Server Message Block (SMB), also known as Common Internet File System, is Microsoft’s application-layer network protocol for Windows file sharing. While SMB1 is rarely used these days, OneFS also supports SMB2 and SMB3, including features such as continuous availability (CA) for transparent failover, encryption, and multichannel for increased application throughput.
Best practices for the SMB protocol on OneFS include:
- Static pools are recommended for connecting SMB workloads, including SMB CA.
- The recommendation is to use either SMB2 or SMB3 Windows clients. Where possible, avoid using SMB1.
- Create no more than 80,000 SMB shares per cluster and keep share names below 80 characters.
- For SMB 2 & 3, do not exceed 3,000 active sessions and 27,000 idle connections per node. For SMB1, the recommended limit is 1000 connections per node.
- SMB read and write performance improvements can often be achieved by setting the data-access pattern to Streaming.
- An access zone can authenticate users with only one Active Directory domain. Although you can add more than one of the other directory services to a zone, a best practice is to limit each zone to no more than one of each of the directory services. User mapping rules apply only in the access zone in which you created them.
- As a best practice, if you create access zones, make sure that the directory paths for each zone under /ifs do not overlap.
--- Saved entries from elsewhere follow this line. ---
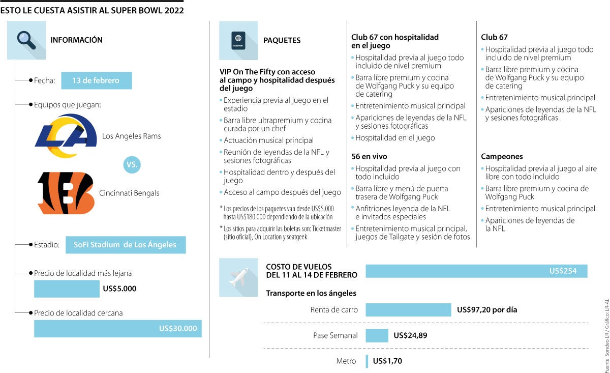 Si está pensando en el partido entre Los Angeles Rams VS Cincinnati Bengals, en California, el gasto promedio es de US$6.150
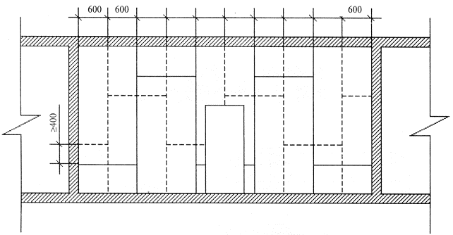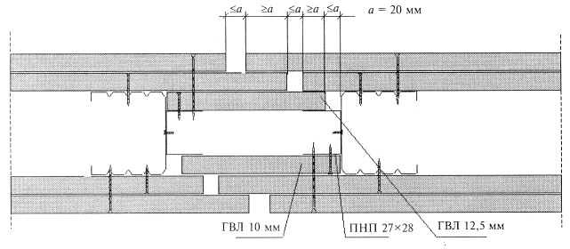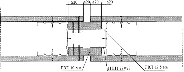 Соединение (удлинение) профилей производят с помощью просекателя методом «просечки с отгибом», в отдельных случаях - посредством винтов LN 3,5´9. Стоечные профили должны иметь высоту на 10 мм меньше расстояния между стенками верхних и нижних направляющих профилей. Установку направляющих профилей осуществляют согласно разметке их проектного положения на полу и на потолке. С целью повышения звукоизоляционной способности перегородки на стенки направляющих профилей ПН наклеивают уплотнительную ленту. После раскроя и полной подготовки направляющих профилей приступают к их монтажу по линии разметки на полу, а затем - на потолке. Крепление направляющих профилей осуществляют дюбелями с шагом не более 1 м. Закреплять профиль ПН необходимо не менее чем в трех точках независимо от его длины. При необходимости дополнительные отверстия в стенке направляющего профиля высверливают дрелью. Установку стоечных профилей также осуществляют согласно их проектному положению, а их типоразмер должен соответствовать рабочим чертежам (в рассматриваемом случае шаг стоек равен 600 мм). Предварительно на стоечные профили, примыкающие к конструкциям здания, наклеивают уплотнительную ленту. Стоечные профили устанавливают в закрепленные в проектном положении направляющие профили. Установку стоек начинают от стен, к которым профили крепятся дюбелями с шагом не более 1 м, но не менее трех креплений на одну стойку. Каждая стойка устанавливается строго вертикально и с помощью просекателя закрепляется к направляющему профилю на полу и на потолке. Закрепление производят не менее чем в двух точках с каждой стороны направляющего профиля (т.е. четыре просечки вверху и четыре просечки - внизу). Устройство вставок в каркасах 2-слойной перегородки не требуется. Каждую пару стоечных профилей соединяют полосами ГВЛ высотой 300 мм через 600 мм по высоте. Крепление полос производят самонарезающими винтами длиной 30 мм к каждому профилю (см. рисунок 20). В местах сопряжения перегородок с коммуникациями между стоечными профилями устанавливают перемычки из направляющего профиля с их закреплением просекателем к профилю ПС. При групповой прокладке трубопровода допускается устройство общего обрамления. При необходимости пропуска инженерных коммуникаций больших размеров допускается срезка вертикальных стоек с установкой по краям отверстия дополнительных стоечных профилей каркаса на всю высоту перегородки. В местах пересечения перегородок трубопроводами парового, водяного отопления и водоснабжения устанавливают гильзы. Контроль за точностью установки каркаса осуществляют с помощью складного метра, метростата или нивелира. На смонтированный в проектное положение каркас перегородки необходимо оформить акт приемки за подписью главного инженера строительной организации и лица-надзора от проектной организации. 2.10.3. Обшивка каркаса 1-м слоем ГВЛ с одной стороны. Перед установкой ГВЛ в местах примыкания обшивки к поверхностям потолка и стен (колонн), выполненных из другого материала, наклеивают разделительную ленту. Установка ГВЛ начинается от основной стены помещения в вертикальном положении. Перед установкой на торцах каждого ГВЛ, образующих горизонтальный стык, делают фальц шириной 30 мм и глубиной 2 мм (см. рисунок 5). Горизонтальную стыковку ГВЛ выполняют вра
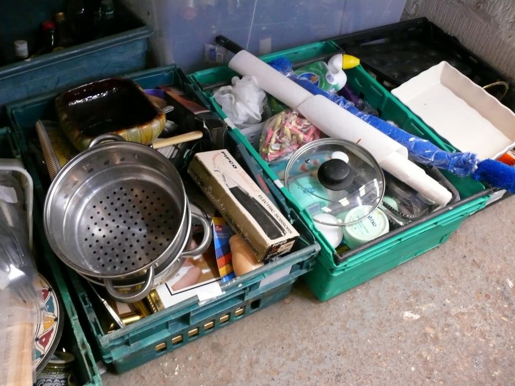 LARGE MIXED COLLECTION OF ITEMS = KITCHEN WARES, GADGETS, ;PCTURE FRAMES ETC
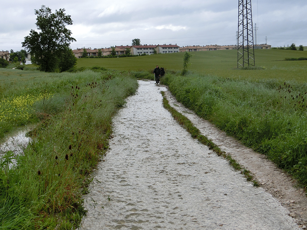 Weiter ging es dann auf der Straße (der Reiseführer, sowie ein Einheimischer oben auf dem Pass warnten explizit vor der Abfahrt über den Fußweg). Bei Munzabei habe ich dann noch einen kleinen Abstecher zur "Eremita de Nuestra Semora de Eunate" gemacht und die achteckige Kirche bewundert. Dann habe ich eine Einheimische nach dem Weg Richtung Obanos gefragt, aber irgendwie gab es wohl Kommunikationsschwierigkeiten: Sie schickte mich in die falsche Richtung. Irgendwann bin ich dann doch wieder auf den rechten Weg gekommen und einige Zeit später in Puente la Reina angekommen, wo ich mich erstmal mit frischen Baguette und Wurst eingedeckt und eine ordentliche Brotzeit gemacht habe. Die Brücke in Puente la Reina ist schon faszinierend, auch wenn ich nur den oberen Teil sehen konnte, da auch hier Hochwasser war. Anschließend dann völlig unspektakulär auf der N-111 nach Estella, meinem ersten Ziel, gefahren.
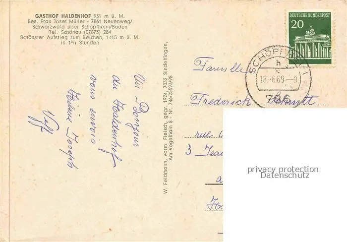 alte Postkarte 74012645 Neuenweg Gasthof Haldenhof Strohmeyer's Gedaechtniskapelle Nonnenmattweiher Blick zum Belchen Schwarzwald postalisch gelaufen Erhaltung siehe scans [FriedD77]
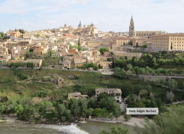 Reggeli után csomagjaink bepakolása a csomagszobába, majd találkozás helyi házigazdánkkal. Séta és feljutás az Escalares-vel a történelmi városrészbe, a Plaza de Zocodover főtérre. ,,Városnézés-időutazásunkat" a 3. században kezdjük, a római palotából átépített mór erődnél, az El Alcazarnál (kívülről). Sétánk következő állomása a del Tránsito zsinagóga, majd az El Greco Múzeum épülete (kívülről). Látogatás a Mezquita Christo de la Luz mecsetnél, majd az 1200-as évektől épült, gigászi Primada Santa María katedrális bejárása, közösen. El Greco egyik leghíresebb freskójának megtekintése az Iglesia Santo Tome-ban. Ebéd,- és szabadidőnk megkezdése előtt az ókori római eredetű hidak (San Martín és Alcantara) beazonosítása, majd szabadidő, az immár ismerős UNESCO világörökségi Felső-óvárosban. (Toledoi penge, konkvisztádor stílusú tőr, kard és páncélzat fakultatív beszerzési lehetősége.)
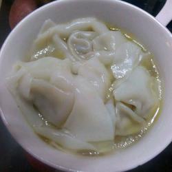 5. Stew the wontons in a pot until cooked, then put them into a bowl of chicken soup with a strainer.The yellow chicken soup has white cat ears floating in it.It looks delicious and smells good!
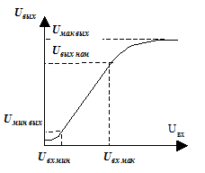 Амплитудная характеристика. Графическая зависимость амплитуды (или действующего значения) выходного напряжения усилителя от амплитуды (или действующего значения) его входного напряжения на некоторой неизменной частоте сигнала получила название амплитудной характеристики (рисунок 3.7).
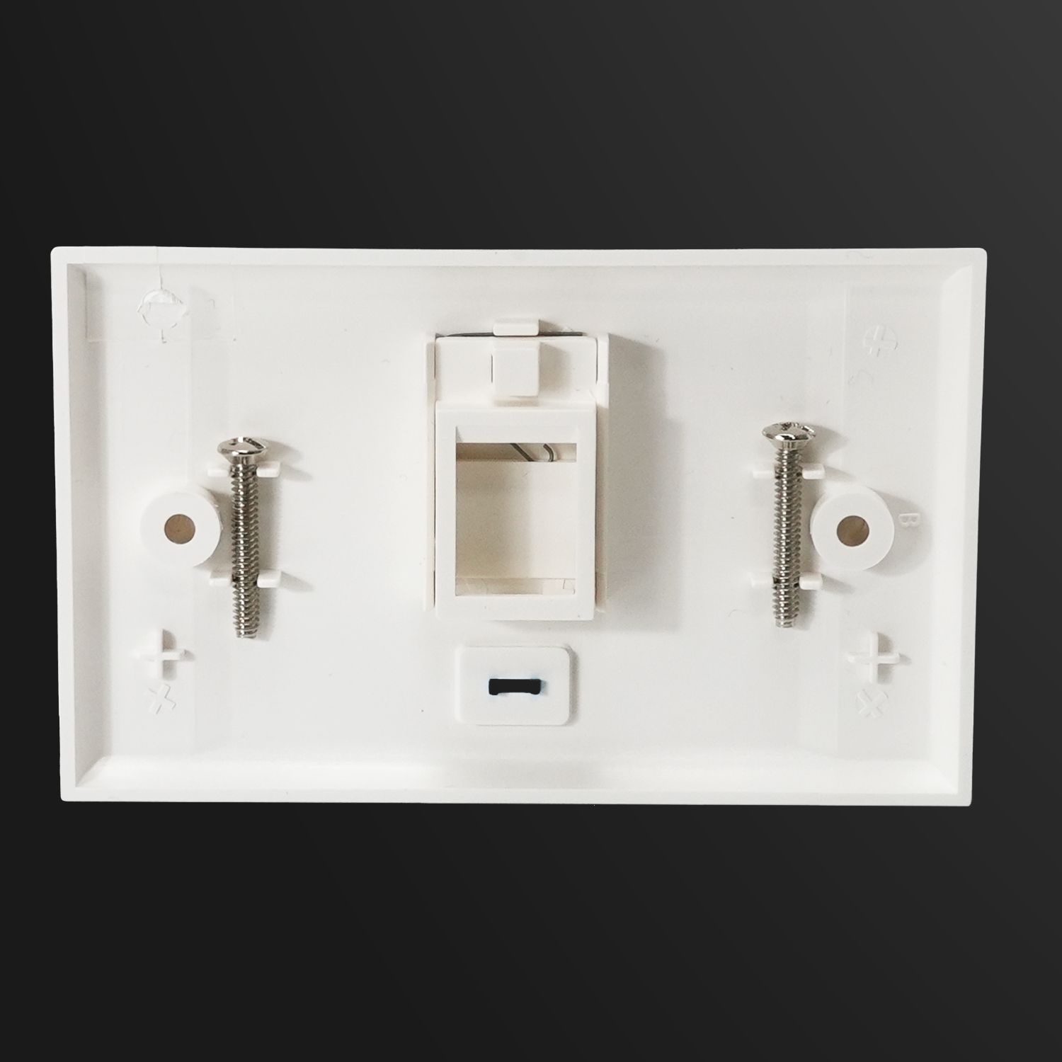 The faceplate has smooth rounded edges and fits keystone jacks with latch heights between 19.20mm and 19.40mm. It’s available in office white (close to RAL 9016), with custom colors offered for orders of 5,000 units or more.
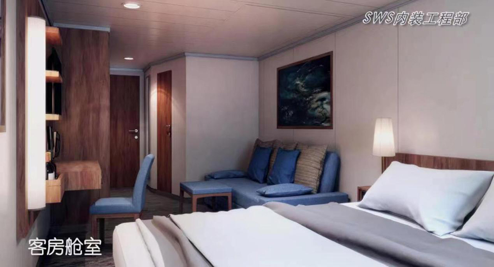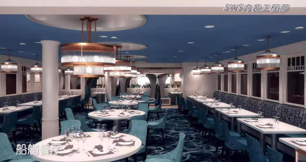 今创在这个巨大的项目中主要承接了艏艉餐厅及主要梯道的电气背景工程总包,线缆长度超过8万米,内装主要承接旅客舱室内装施工604间,其中散装套房264间,预装单元标准房间340间,中部主梯道,棋牌室,火锅餐厅,铁板烧餐厅,四川餐厅,牛排餐厅,寿司店,鱼餐厅及免税商店等。
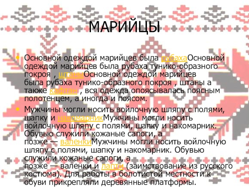 Основной одеждой марийцев была рубахаОсновной одеждой марийцев была рубаха тунико-образного покроя , штаныОсновной одеждой марийцев
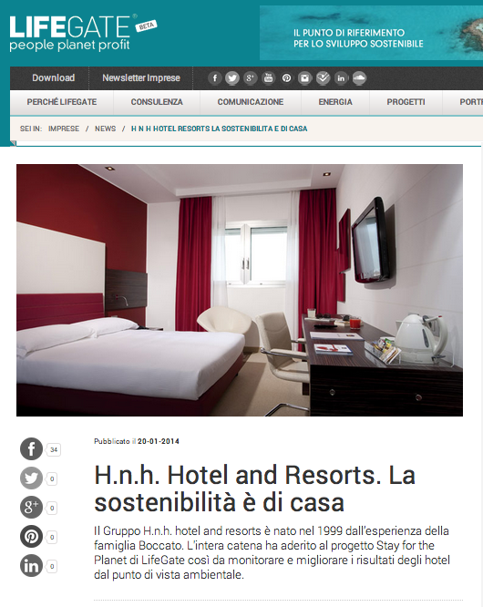 Il Gruppo H.n.h. hotels and resorts è nato nel 1999 dall’esperienza della famiglia Boccato. L’intera catena ha aderito al progetto Stay for the Planet di LifeGate così da monitorare e migliorare i risultati degli hotel dal punto di vista ambientale.
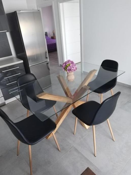 Iznajmljujem dvosobni stan u Rukavcu, Matulji. Sadrži 2 spavaće sobe, u svakoj se nalazi veliki bračni krevet sa noćnim ormarićima. Sadrži i kupaonicu sa tuš kabinom, dnevni boravak sa garniturom koja se može razvući i flat screen tv-om, blagavaonicu sa stolom i stolicama, potpuno opremljenu kuhinju sa hladnjakom i perilicom za suđe te veliku terasu sa garniturom za sjedenje na kojoj je dozvoljeno pušenje. Jedna spavaća soba i dnevni boravak imaju pristup terasi.
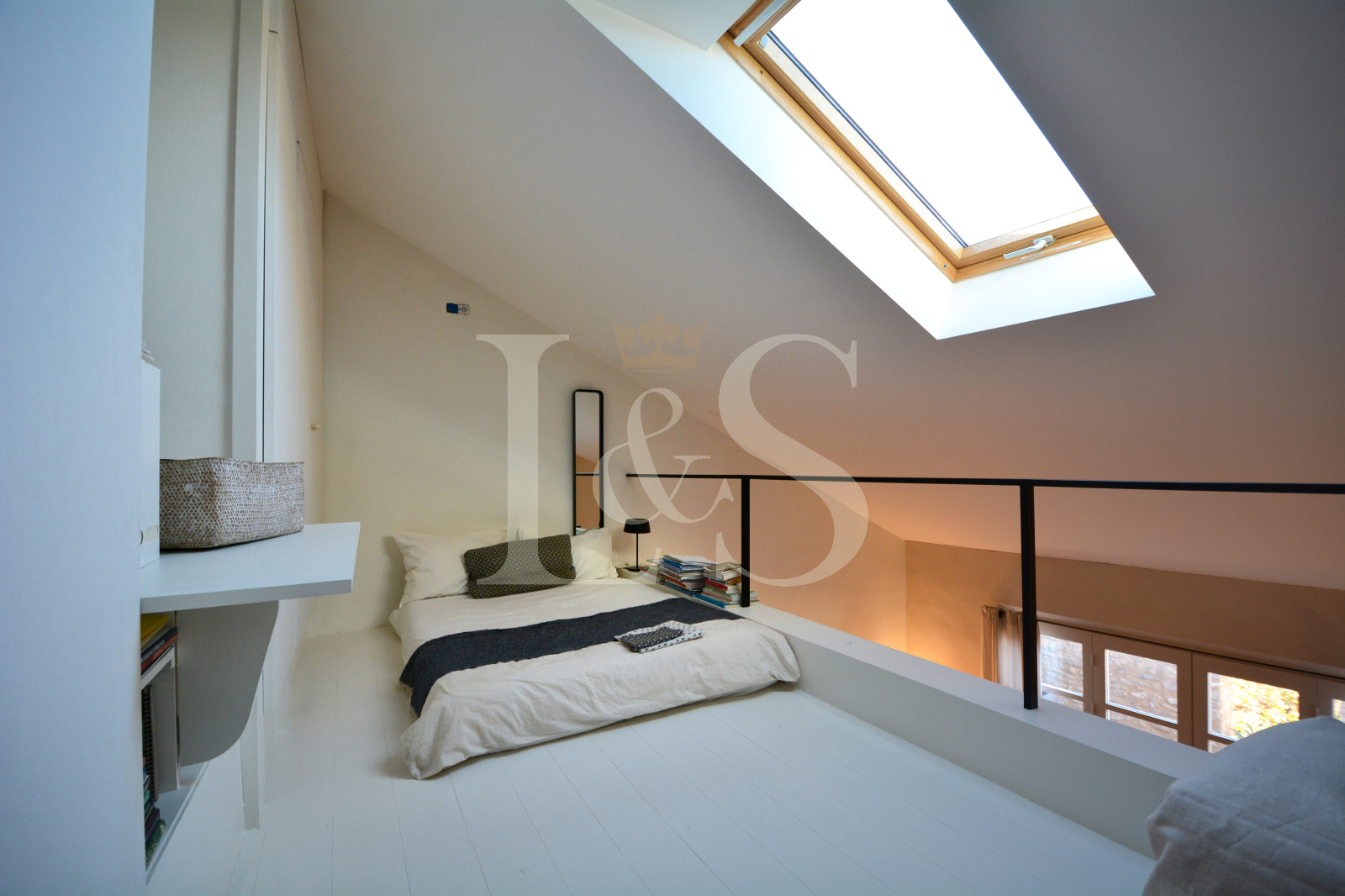 Le dernier niveau se compose d’une chambre avec de très nombreux placards et d’une mezzanine servant de chambre d’appoint ou bureau.

Instead, you should designate separate directory trees for each zone.
- In general, a best practice is to use Microsoft Active Directory with Windows Services for UNIX and RFC 2307 attributes to manage Linux, UNIX, and Windows systems. In some versions of Microsoft Windows, Windows Services for UNIX is also known as Identity Management for UNIX (IDMU). Integrating UNIX and Linux systems with Active Directory centralizes identity management and eases interoperability. Make sure your domain controllers are running Windows Server 2003 R2 or later.
- Where possible, a best practice is to authenticate all users with Kerberos because it is a highly secure protocol. If you are authenticating users with Kerberos, ensure that both the cluster and clients use either Active Directory or the same NTP server as their time source.
- In an environment with two or more identity management systems, the simplest configurations name users consistently so that each UNIX user corresponds to a similarly named Windows user. Before assigning a UID and GID, OneFS searches its other authentication providers, such as LDAP, for other identities with the same name. If OneFS finds a match, the mapping service by default selects the associated UID and group memberships. Naming users consistently also allows user mapping rules with wildcards to match names and map them without explicitly specifying each pair of accounts.
- The native identity option is likely to be the best for a network with UNIX and Windows systems. In native mode, OneFS favors setting the UID as the on-disk identity because doing so improves NFS performance. OneFS stores only one type of identifier—either a UID and a GID or a SID—on disk at a time. As a best practice, if you change the on-disk identity, you should run the repair permissions job; see the OneFS Administration Guide.